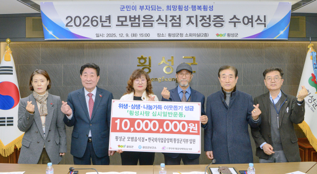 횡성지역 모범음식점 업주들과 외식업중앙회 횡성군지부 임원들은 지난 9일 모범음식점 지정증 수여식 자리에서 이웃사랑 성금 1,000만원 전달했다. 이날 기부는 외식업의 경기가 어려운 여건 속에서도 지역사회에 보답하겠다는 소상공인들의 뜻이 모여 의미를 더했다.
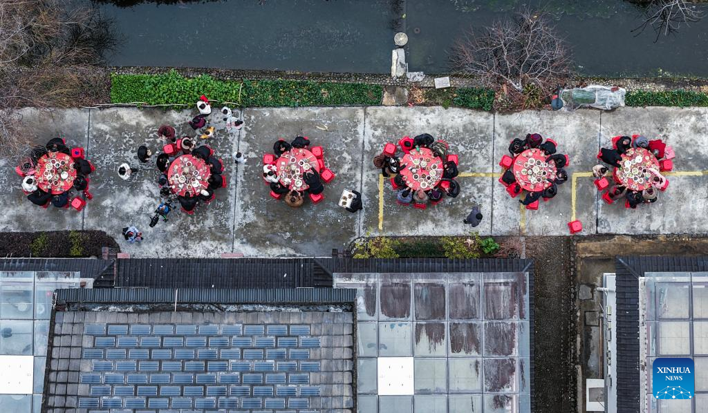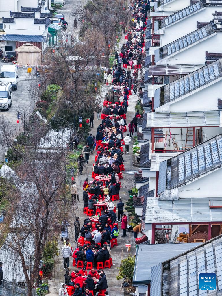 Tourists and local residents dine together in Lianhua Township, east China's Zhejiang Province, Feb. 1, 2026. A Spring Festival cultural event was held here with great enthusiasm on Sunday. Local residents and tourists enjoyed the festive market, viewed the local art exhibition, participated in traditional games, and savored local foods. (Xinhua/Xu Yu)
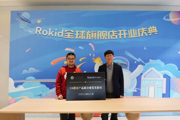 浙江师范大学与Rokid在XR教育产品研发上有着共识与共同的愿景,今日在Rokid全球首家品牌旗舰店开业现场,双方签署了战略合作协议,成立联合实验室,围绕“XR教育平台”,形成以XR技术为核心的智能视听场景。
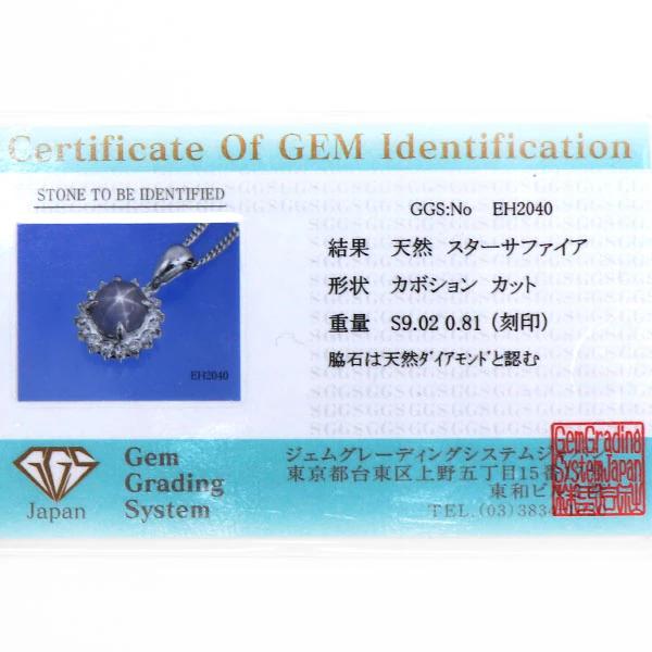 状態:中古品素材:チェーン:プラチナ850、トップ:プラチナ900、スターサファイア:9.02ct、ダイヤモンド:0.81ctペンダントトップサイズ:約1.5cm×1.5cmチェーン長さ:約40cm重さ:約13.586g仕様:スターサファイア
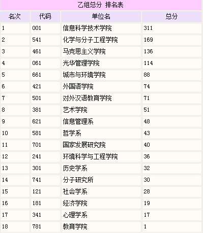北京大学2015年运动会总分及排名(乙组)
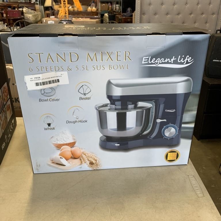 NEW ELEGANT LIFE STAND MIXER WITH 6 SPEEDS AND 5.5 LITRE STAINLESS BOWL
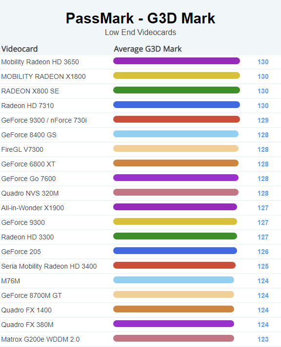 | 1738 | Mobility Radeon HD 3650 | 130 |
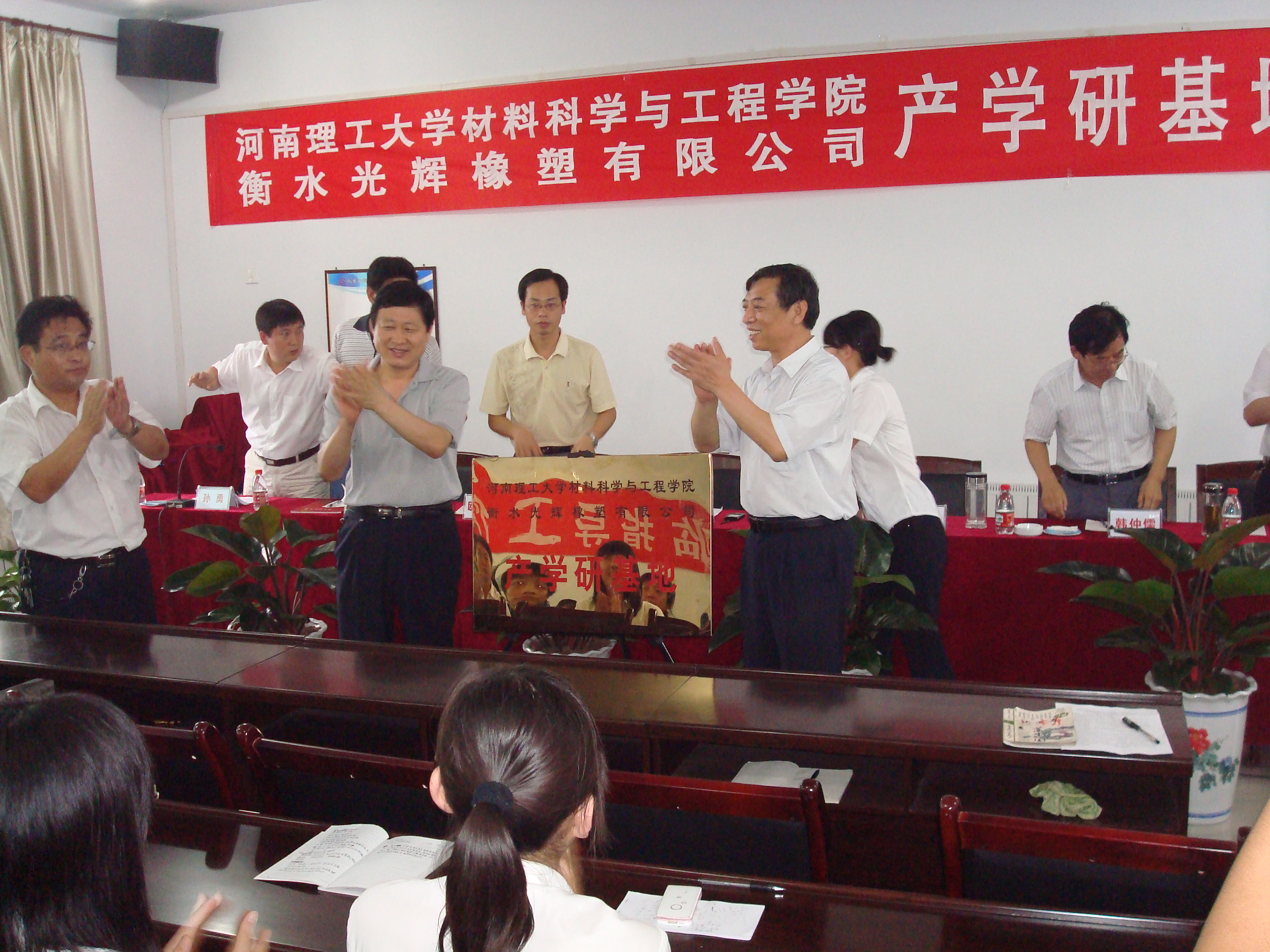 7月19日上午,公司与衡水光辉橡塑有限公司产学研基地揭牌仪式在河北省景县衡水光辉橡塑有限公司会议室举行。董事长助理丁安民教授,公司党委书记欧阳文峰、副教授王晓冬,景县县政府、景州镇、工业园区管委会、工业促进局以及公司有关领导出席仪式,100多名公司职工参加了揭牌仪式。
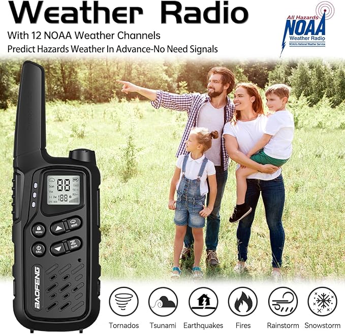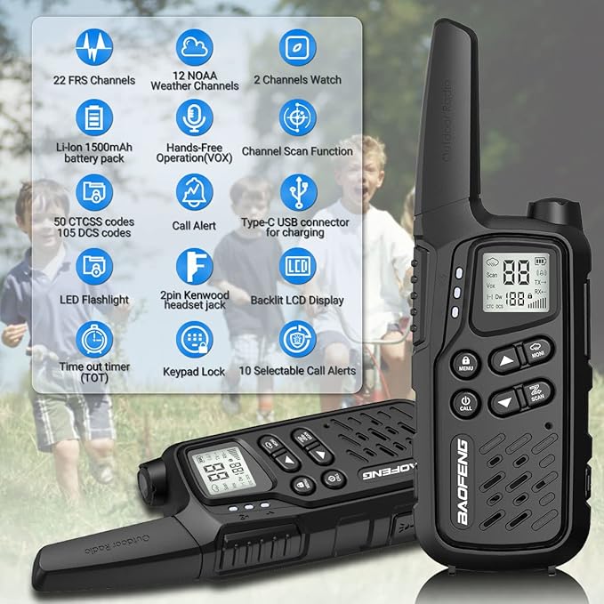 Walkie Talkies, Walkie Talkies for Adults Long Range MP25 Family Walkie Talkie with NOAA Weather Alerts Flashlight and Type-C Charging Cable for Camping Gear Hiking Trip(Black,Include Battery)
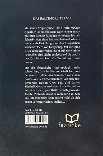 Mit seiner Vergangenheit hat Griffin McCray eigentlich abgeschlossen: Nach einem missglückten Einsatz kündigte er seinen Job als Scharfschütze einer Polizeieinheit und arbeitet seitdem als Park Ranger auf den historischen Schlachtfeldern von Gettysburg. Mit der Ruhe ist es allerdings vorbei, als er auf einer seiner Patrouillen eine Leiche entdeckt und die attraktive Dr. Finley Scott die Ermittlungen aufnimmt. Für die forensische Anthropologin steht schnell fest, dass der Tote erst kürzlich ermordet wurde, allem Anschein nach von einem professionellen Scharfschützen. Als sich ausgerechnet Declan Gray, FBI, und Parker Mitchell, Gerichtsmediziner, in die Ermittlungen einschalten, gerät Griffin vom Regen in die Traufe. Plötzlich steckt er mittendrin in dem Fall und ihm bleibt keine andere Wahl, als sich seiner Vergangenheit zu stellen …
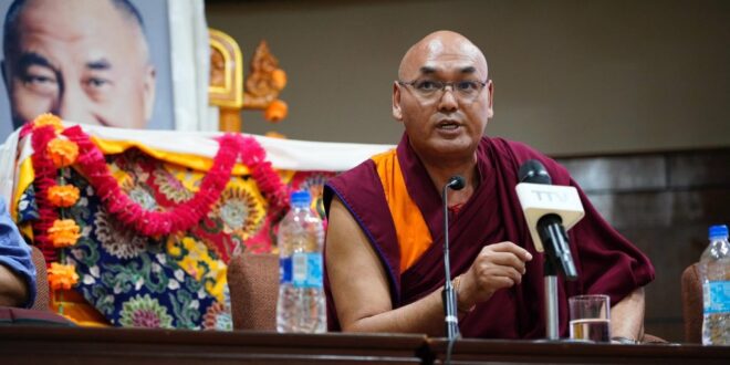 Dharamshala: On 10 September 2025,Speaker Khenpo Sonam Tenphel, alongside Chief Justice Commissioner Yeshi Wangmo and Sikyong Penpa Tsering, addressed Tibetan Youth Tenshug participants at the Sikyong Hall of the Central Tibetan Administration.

__________________________________________________

** Exercise **
When the line containing "Walkie Talkies, Walkie" is reached, write out that line and each one after it exactly, ending with the last line of the records; pictures are not copied.

** Solution to the exercise **
 Walkie Talkies, Walkie Talkies for Adults Long Range MP25 Family Walkie Talkie with NOAA Weather Alerts Flashlight and Type-C Charging Cable for Camping Gear Hiking Trip(Black,Include Battery)
 Mit seiner Vergangenheit hat Griffin McCray eigentlich abgeschlossen: Nach einem missglückten Einsatz kündigte er seinen Job als Scharfschütze einer Polizeieinheit und arbeitet seitdem als Park Ranger auf den historischen Schlachtfeldern von Gettysburg. Mit der Ruhe ist es allerdings vorbei, als er auf einer seiner Patrouillen eine Leiche entdeckt und die attraktive Dr. Finley Scott die Ermittlungen aufnimmt. Für die forensische Anthropologin steht schnell fest, dass der Tote erst kürzlich ermordet wurde, allem Anschein nach von einem professionellen Scharfschützen. Als sich ausgerechnet Declan Gray, FBI, und Parker Mitchell, Gerichtsmediziner, in die Ermittlungen einschalten, gerät Griffin vom Regen in die Traufe. Plötzlich steckt er mittendrin in dem Fall und ihm bleibt keine andere Wahl, als sich seiner Vergangenheit zu stellen …
 Dharamshala: On 10 September 2025,Speaker Khenpo Sonam Tenphel, alongside Chief Justice Commissioner Yeshi Wangmo and Sikyong Penpa Tsering, addressed Tibetan Youth Tenshug participants at the Sikyong Hall of the Central Tibetan Administration.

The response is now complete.